Start of Supplied material

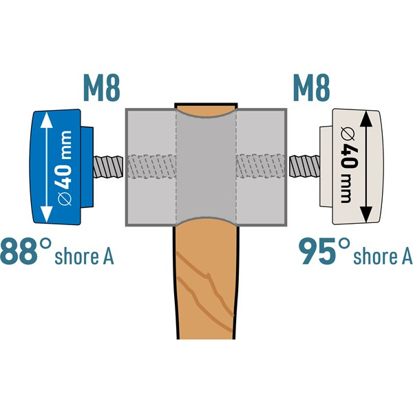 gumikalapács (illesztő kalapács) fa nyéllel, cserélhető gumi fejek; 40 mm, 32 cm
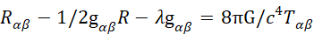 – тензор Риччи, получающийся из тензора кривизны пространства и времени посредством свёртки его по паре индексов, R – скалярная кривизна, то есть свёрнутый тензор Ричи, составленный из связностей – производных метрического тензора
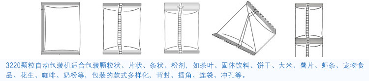 3220顆粒立式自動(dòng)包裝機(jī)使用變頻調(diào)速器,關(guān)閉機(jī)器時(shí)自動(dòng)打開(kāi)封刀,節(jié)省材料,單片機(jī)控制系統(tǒng),故障率低,制袋,填充,計(jì)量,封口,印刷,成品輸送一次性完成。是衡水包裝機(jī)械顆粒包裝的熱銷機(jī)器。包裝款式圖如下:
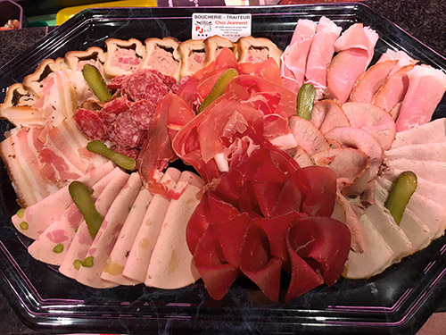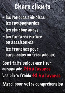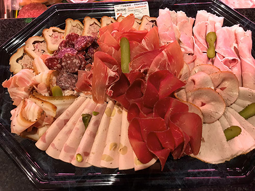 Jambon, charcuterie, rôti cuit, roastbeef, terrine, pâté en croûte, lard aux herbes, saucisses sèches, viande séchée, jambon cru. En apéro : Frs 7,50 / En apéro-dinatoire : Frs 9,50 / Plat principal : Frs 12,50

End of Supplied material

What is being asked:
Omit the pictures, and quote the material above exactly as given.

Solution:
 gumikalapács (illesztő kalapács) fa nyéllel, cserélhető gumi fejek; 40 mm, 32 cm
 – тензор Риччи, получающийся из тензора кривизны пространства и времени посредством свёртки его по паре индексов, R – скалярная кривизна, то есть свёрнутый тензор Ричи, составленный из связностей – производных метрического тензора
 3220顆粒立式自動(dòng)包裝機(jī)使用變頻調(diào)速器,關(guān)閉機(jī)器時(shí)自動(dòng)打開(kāi)封刀,節(jié)省材料,單片機(jī)控制系統(tǒng),故障率低,制袋,填充,計(jì)量,封口,印刷,成品輸送一次性完成。是衡水包裝機(jī)械顆粒包裝的熱銷機(jī)器。包裝款式圖如下:
 Jambon, charcuterie, rôti cuit, roastbeef, terrine, pâté en croûte, lard aux herbes, saucisses sèches, viande séchée, jambon cru. En apéro : Frs 7,50 / En apéro-dinatoire : Frs 9,50 / Plat principal : Frs 12,50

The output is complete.